[ovirt-users] Storage domain experienced a high latency
Nir Soffer
nsoffer at redhat.com
Fri Feb 10 16:42:58 UTC 2017
On Thu, Feb 9, 2017 at 10:03 AM, Grundmann, Christian <
Christian.Grundmann at fabasoft.com> wrote:
> Hi,
>
> @ Can also be low level issue in kernel, hba, switch, server.

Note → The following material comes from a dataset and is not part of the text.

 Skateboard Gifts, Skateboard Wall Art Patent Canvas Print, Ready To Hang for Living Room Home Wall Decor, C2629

> I have the old storage on the same cable so I don’t think its hba or
> switch related
> On the same Switch I have a few ESXi Server with same storage setup which
> are working without problems.
>
> @multipath
> I use stock ng-node multipath configuration
>
> # VDSM REVISION 1.3
>
> defaults {
> polling_interval 5
> no_path_retry fail
> user_friendly_names no
> flush_on_last_del yes
> fast_io_fail_tmo 5
> dev_loss_tmo 30
> max_fds 4096
> }
>
> # Remove devices entries when overrides section is available.
> devices {
> device {
> # These settings overrides built-in devices settings. It does not
> apply
> # to devices without built-in settings (these use the settings in
> the
> # "defaults" section), or to devices defined in the "devices"
> section.
> # Note: This is not available yet on Fedora 21. For more info see
> # https://bugzilla.redhat.com/1253799
> all_devs yes
> no_path_retry fail
> }
> }
>
> # Enable when this section is available on all supported platforms.

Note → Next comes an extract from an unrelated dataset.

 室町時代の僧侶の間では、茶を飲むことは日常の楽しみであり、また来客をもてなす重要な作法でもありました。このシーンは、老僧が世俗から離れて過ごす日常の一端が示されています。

> # Options defined here override device specific options embedded into
> # multipathd.
> #
> # overrides {
> # no_path_retry fail
> # }
>
>
> multipath -r v3
> has no output
>
My mistake, the correct command is:
multipath -r -v3
It creates tons of output, so better redirect to file and attach the file:
multipath -r -v3 > multiapth-r-v3.out
>
>
> Thx Christian
>
>
> Von: Nir Soffer [mailto:nsoffer at redhat.com]

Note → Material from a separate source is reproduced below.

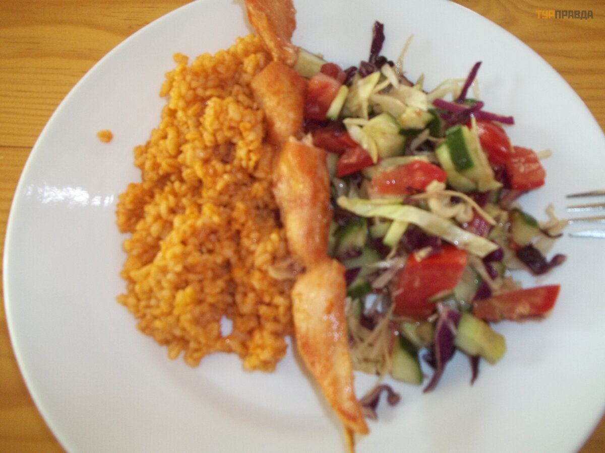 Ale przeż yliś my. Wycią gnę li tratwę na brzeg, jakoś zmyli bł oto z wę ż y, przebrali się w suche ubrania i poszli na obiad. Obiad był raczej skromny - ł yż ka owsianki, ł yż ka sał atki i mał y szaszł yk ś wię tego tureckiego zwierzę cia - kurczaka.

> Gesendet: Mittwoch, 08. Februar 2017 20:44
> An: Grundmann, Christian <Christian.Grundmann at fabasoft.com>
> Cc: users at ovirt.org
> Betreff: Re: [ovirt-users] Storage domain experienced a high latency
>
> On Wed, Feb 8, 2017 at 6:11 PM, Grundmann, Christian <mailto:
> Christian.Grundmann at fabasoft.com> wrote:
> Hi,
> got a new FC Storage (EMC Unity 300F) which is seen by my Hosts additional
> to my old Storage for Migration.
> New Storage has only on PATH until Migration is done.
> I already have a few VMs running on the new Storage without Problem.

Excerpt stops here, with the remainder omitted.